I could happily go on, speculating about the place of objective truth (what little there is) and manners in politics, but who really wants to follow me further into what started as a dreary example of one Lutheran pastor’s turn of mind?
The point, for anybody still awake, is me—by which I mean, maybe you, too. I’ll put myself in your shoes. Let’s see if I’m warm.
- Every day is a litany of fast judgments and flawless answers. Television knows the best seat for surviving a plane crash and how to weave to escape a shooter. Family-friends-whoever cure timeless worldly ills with one flippant sentence. The lovely can transform the normal for three easy payments. You say, “I wish I were so sure.” Or “How can anybody be so impossibly full of crap?”
- You’re overwhelmed, weary with information, each expert shaking you by the lapels.

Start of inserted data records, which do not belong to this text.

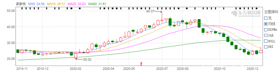家家悦股價在2020年7月3日最高達49.37元/股,截至2020年12月18日收盤,報25.27元/股,幾近“腰斬”。
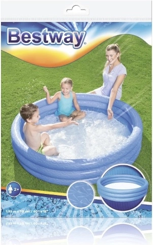 The inflatable pool from brand Bestway is made from durable vinyl material and features three identical inflatable rings for stability and comfort. With a capacity of 282 liters (74 gallons), it is spacious enough for children's activities in the backyard.
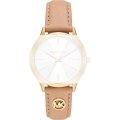 Dieses Michael Kors Uhrarmband ist aus leder gefertigt und wird mit druckstifte an der Uhr befestigt. Das Band hat eine Breite von 18 mm und wird mit einer dornschließe geschlossen. Das Band hat eine gerade Halterung, was bedeutet, dass dieses Band für alle Michael Korsuhren mit einer geraden Halterung geeignet ist.

Even as you purchase another plan, your own wisdom speaks: “Tend first to your troubled heart, beloved.” “Hush up,” you respond, for the hundredth time, and swipe your credit card.

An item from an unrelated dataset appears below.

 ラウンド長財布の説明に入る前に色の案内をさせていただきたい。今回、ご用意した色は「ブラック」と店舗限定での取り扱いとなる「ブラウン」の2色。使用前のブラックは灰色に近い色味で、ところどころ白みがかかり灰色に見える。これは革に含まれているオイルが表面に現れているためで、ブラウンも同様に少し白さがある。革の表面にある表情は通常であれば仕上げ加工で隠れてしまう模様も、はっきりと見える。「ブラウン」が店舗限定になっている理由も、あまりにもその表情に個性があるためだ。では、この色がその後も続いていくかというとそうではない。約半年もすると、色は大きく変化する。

- Part of you hangs onto the belief that you’ll feel settled eventually, at peace and complete. You’ll be grown up, a finished human being.
- Then, sweet then: questions and doubts will fall silent. You won’t be vulnerable anymore. You won’t have to be humble either, but you will.
- Long before the polls open, your choice will be set.
If your shoes don’t fit me, please forgive my presumption. But if they do, I’m guessing you have balm for humanity in your soul. If only somebody would listen, you would say, “Let’s pay attention to how we treat each other. Then what we should do to fix the world would be clear.”
As for me, I’m not decisive enough to speak up–afraid of sounding frivilous. Until I grow up, I’ll just say that I’m discerning.